▶ Provided material:
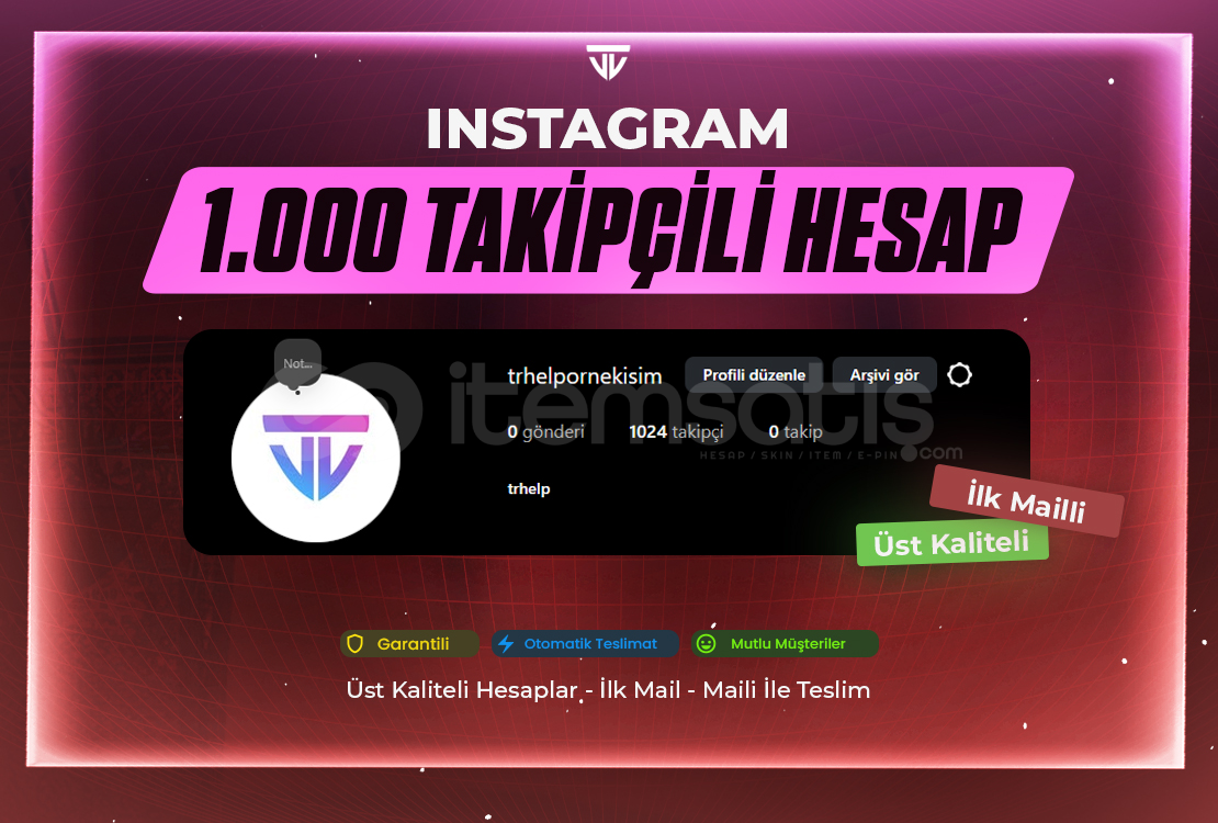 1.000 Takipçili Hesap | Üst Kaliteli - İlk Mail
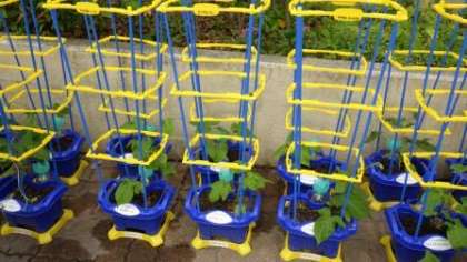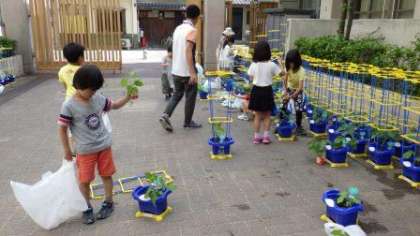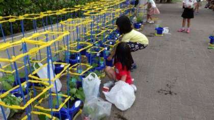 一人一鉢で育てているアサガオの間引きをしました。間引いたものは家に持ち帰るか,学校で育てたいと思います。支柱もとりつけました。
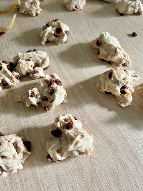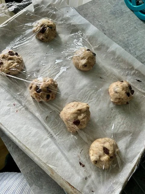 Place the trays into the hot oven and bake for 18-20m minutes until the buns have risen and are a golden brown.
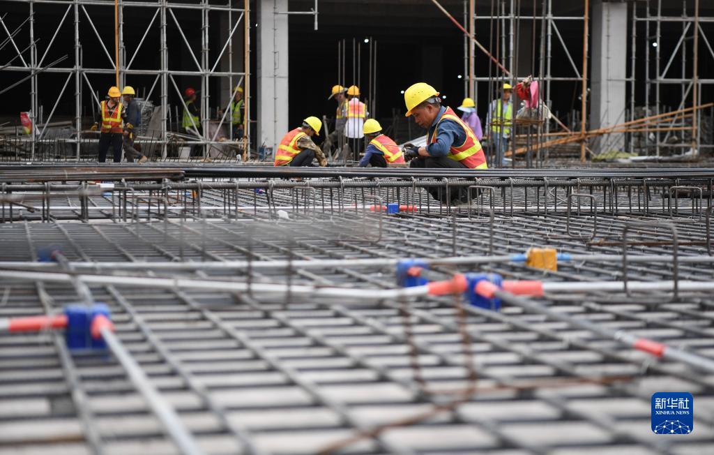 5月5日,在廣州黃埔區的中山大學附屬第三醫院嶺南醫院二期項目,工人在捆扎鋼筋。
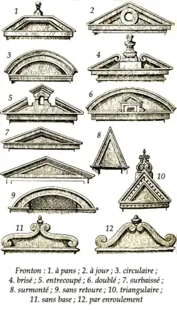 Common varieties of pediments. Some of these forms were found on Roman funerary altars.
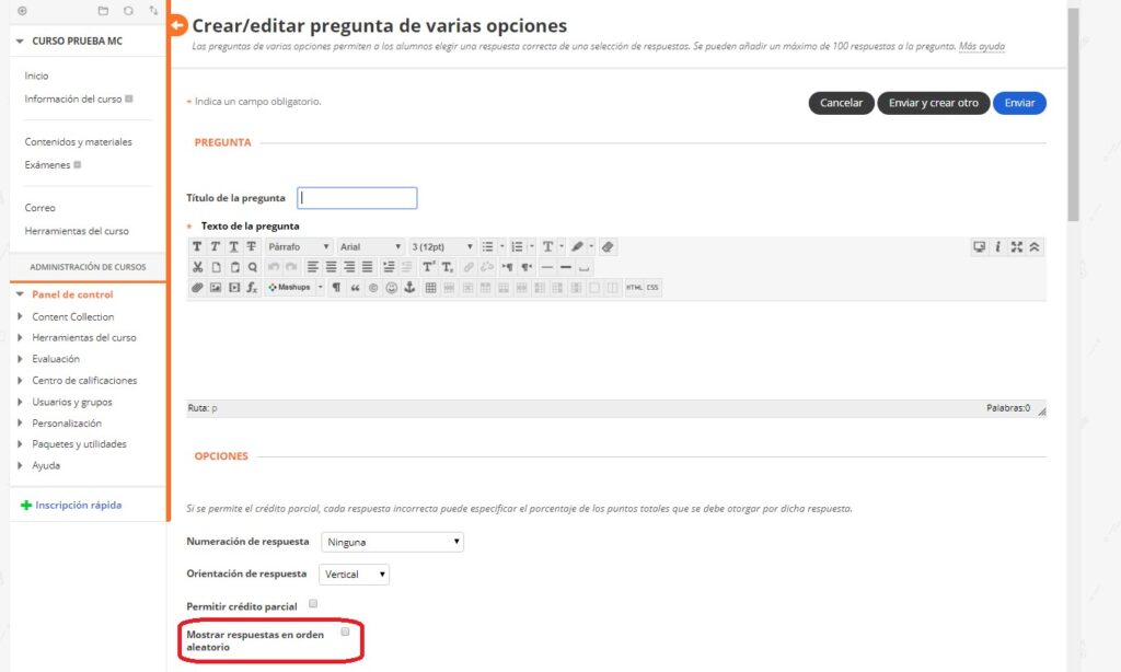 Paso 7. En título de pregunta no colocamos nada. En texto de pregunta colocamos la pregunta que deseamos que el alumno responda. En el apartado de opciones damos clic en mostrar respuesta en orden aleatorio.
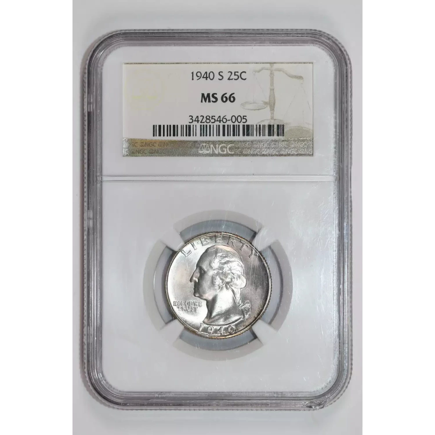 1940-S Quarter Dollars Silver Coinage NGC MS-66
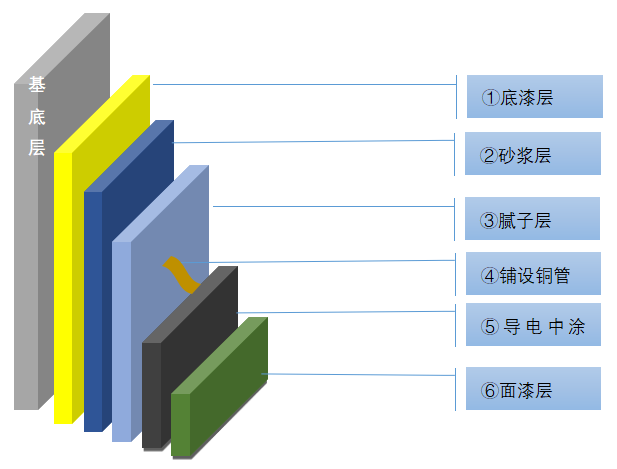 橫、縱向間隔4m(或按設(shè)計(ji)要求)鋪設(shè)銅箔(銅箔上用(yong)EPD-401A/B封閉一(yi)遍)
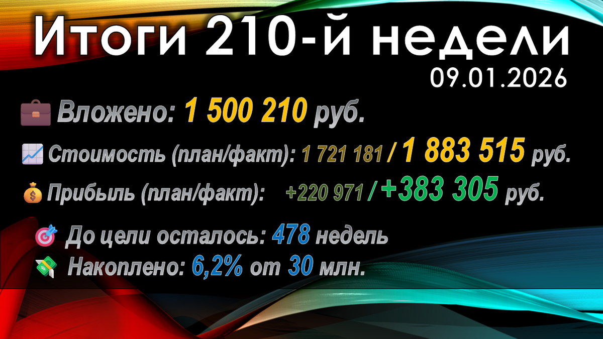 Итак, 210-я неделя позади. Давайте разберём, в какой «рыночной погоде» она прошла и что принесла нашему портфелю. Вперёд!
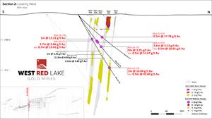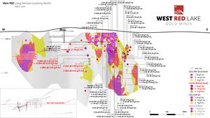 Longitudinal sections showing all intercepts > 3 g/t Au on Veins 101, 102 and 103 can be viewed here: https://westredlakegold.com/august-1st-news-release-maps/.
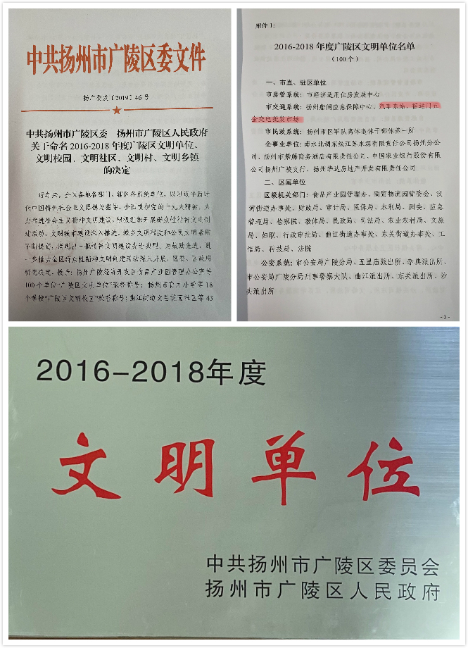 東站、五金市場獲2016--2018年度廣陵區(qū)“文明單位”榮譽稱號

▶ What this task involves: Working from the entries above, please transcribe only the lines from the line with "Paso 7. En título" through the line with "1940-S Quarter Dollars", exactly, with both end lines and without pictures.

▶ Output for this task:
 Paso 7. En título de pregunta no colocamos nada. En texto de pregunta colocamos la pregunta que deseamos que el alumno responda. En el apartado de opciones damos clic en mostrar respuesta en orden aleatorio.
 1940-S Quarter Dollars Silver Coinage NGC MS-66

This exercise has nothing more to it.